ELNK ceo Rolla Huff gushed about the opportunity in the company’s conference call announcing the deal:  “There is going to be a continued explosion of internet traffic that needs to be carried…whether it’s from 4G traffic or enterprise traffic…this is about where we believe the growth will be coming from, it’s all about IP traffic; that’s the root of this business.” 

ELNK’s been seeking a strategic acquisition for the better part of three years…When Huff (who cut his teeth at AT&T Wireless, and who later handled Frontier Communications’ merger with Global Crossing) took the reins back in 2007, he was challenged to reinvent a company that was originally created to provide dial-up Internet access, á la AOL. 

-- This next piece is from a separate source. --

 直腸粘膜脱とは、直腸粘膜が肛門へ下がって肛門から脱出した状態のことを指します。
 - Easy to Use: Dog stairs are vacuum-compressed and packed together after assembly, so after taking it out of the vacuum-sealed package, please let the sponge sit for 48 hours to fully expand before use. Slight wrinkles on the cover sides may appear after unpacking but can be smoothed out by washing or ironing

ELNK has been steadily losing customers, and continues to see its top line fall—second quarter revenue was down 18% in 2Q10 compared with 2Q09.  But Huff and his team have implemented a strategy of maximizing cash flow from the legacy business, while building balance sheet strength and returning cash to investors via dividends and share buybacks.  The efforts have been surprisingly successful given the declining core business:  ELNK had more than $740m in cash on the books at the end of 2Q10 and upped its guidance for full year cash flow when it announced the deal.  But until now, the company hadn’t identified an acquisition target that met its criteria. 

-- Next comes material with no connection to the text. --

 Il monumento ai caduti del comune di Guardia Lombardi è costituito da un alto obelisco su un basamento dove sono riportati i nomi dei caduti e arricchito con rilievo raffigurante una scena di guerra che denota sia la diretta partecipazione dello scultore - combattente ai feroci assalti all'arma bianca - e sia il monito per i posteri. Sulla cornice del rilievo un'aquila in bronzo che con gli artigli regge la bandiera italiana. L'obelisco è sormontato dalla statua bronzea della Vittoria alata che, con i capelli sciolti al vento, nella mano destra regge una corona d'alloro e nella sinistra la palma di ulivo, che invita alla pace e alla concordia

ITCD, which has been majority owned by Welsh Carson Anderson & Stowe since the company’s 2002 bankruptcy filing, has been shifting its attention away from retail “POTS” line service to a more wholesale and enterprise focus. 

The company reported 425k voice lines in service as of June 30, spread across 32k customers.  Average revenue per customer per month is approximately $800, but management noted that monthly bills can range from $100 per month to $100,000 per month.  Huff also indicated that the company will be targeting Fortune 1000 companies... ITCD’s services are likely to be packaged with ELNK subsidiary New Edge Networks’ private, wide-area network service, which targets multi-location enterprises. 

Management stressed that the fiber network is of high quality—Huff called it “well fed”—but the deal multiples are relatively modest.  Based on $443.6m and $93.2m in annualized revenue and cash flow in 2Q10, we figure the revenue multiple at 1.2x and the cash flow multiple at 5.5x.  After $20m in anticipated synergies, the OIBDA multiple looks more like 4.6x.

ELNK will use approximately $200m of its cash in the transaction, and noted that its pro forma debt to cash flow ratio will still be a modest 1.84x—implying that the company will continue to scout for additional prospects. 

Also of note in this deal:  both companies were at one point linked to legendary Georgia telecom investor Campbell “Cam” Lanier III.  Lanier owned ITC Holding Company in the ‘90’s, which  started Deltacom, and later invested in ISP Mindspring, which was acquired by ELNK in 2000.